What is left behind - shown in these photos in Pennsylvania – is a variety of ordinary looking equipment, water tanks, pumps and pipes, which collect gas which is piped onward from the site to a gas compression station. Mostly, fracking occurs on farmland, in some cases right beside where cows graze, or close to habitation where in some cases the subterranean water, used by residents, has become poisoned. These households rely on water brought in from standpipes from elsewhere.
In North Dakota, fracking is for oil, in some case using ‘Noddy Donkey’ style pumps, traditional to the industry, but the techniques are mostly the same, although with oil fracking poisonous gases are released into the atmosphere, often burning.
In the USA, regulation is weak; a consequence of the suspension of environmental protection legislation and, according to the Federal Government regulators, little is known about spills or contamination.

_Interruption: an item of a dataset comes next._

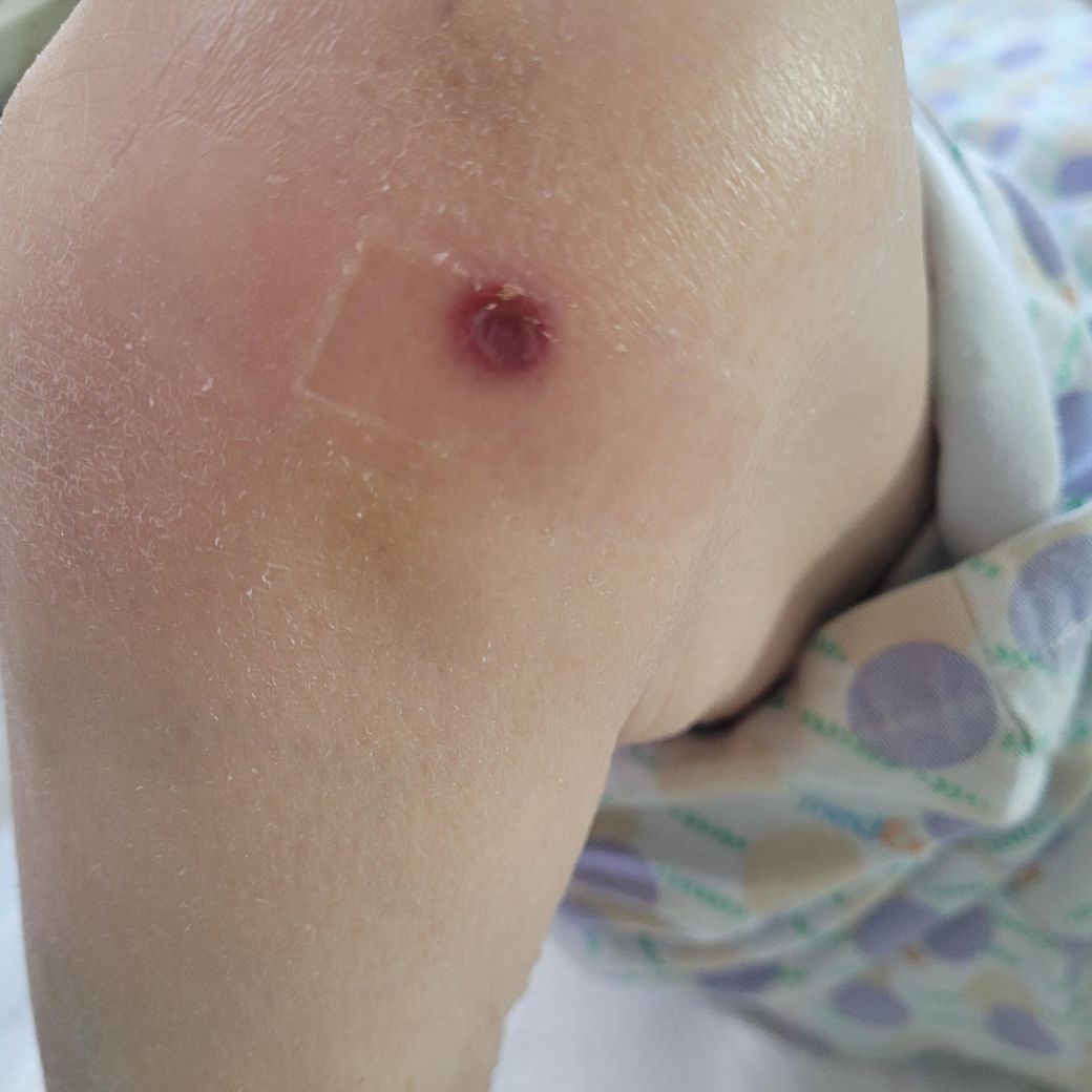 주변부 발적이나, 통증, 진물이 나오는 경우라면, 염증조절이 안되는 양상일 수 있으니 이 경우에는 정형외과 내원해보셔야 합니다. 답변 도움되었기 바랍니다. 감사합니다.

Conventional photographs of oil fracking-pads look almost entirely innocuous at first sight. Perhaps this is because their workings are invisible. One doesn’t see what is occurring beneath them or what is released above, except if one is actually present, or when gas releases are set on fire. Gas fracking-pads produce no visible releases at all, although a network of ground-based gas transportation pipes, barely visibly except from the air, extend over a distance to the gas compression sites.
Glover’s pictures began as digital colour photographs, sections of which were then digitally inverted, simulating a negative black and white image. The attempt is to denormalise the taken-for-grantedness of a scene in which everything is open for inspection but nothing can be seen.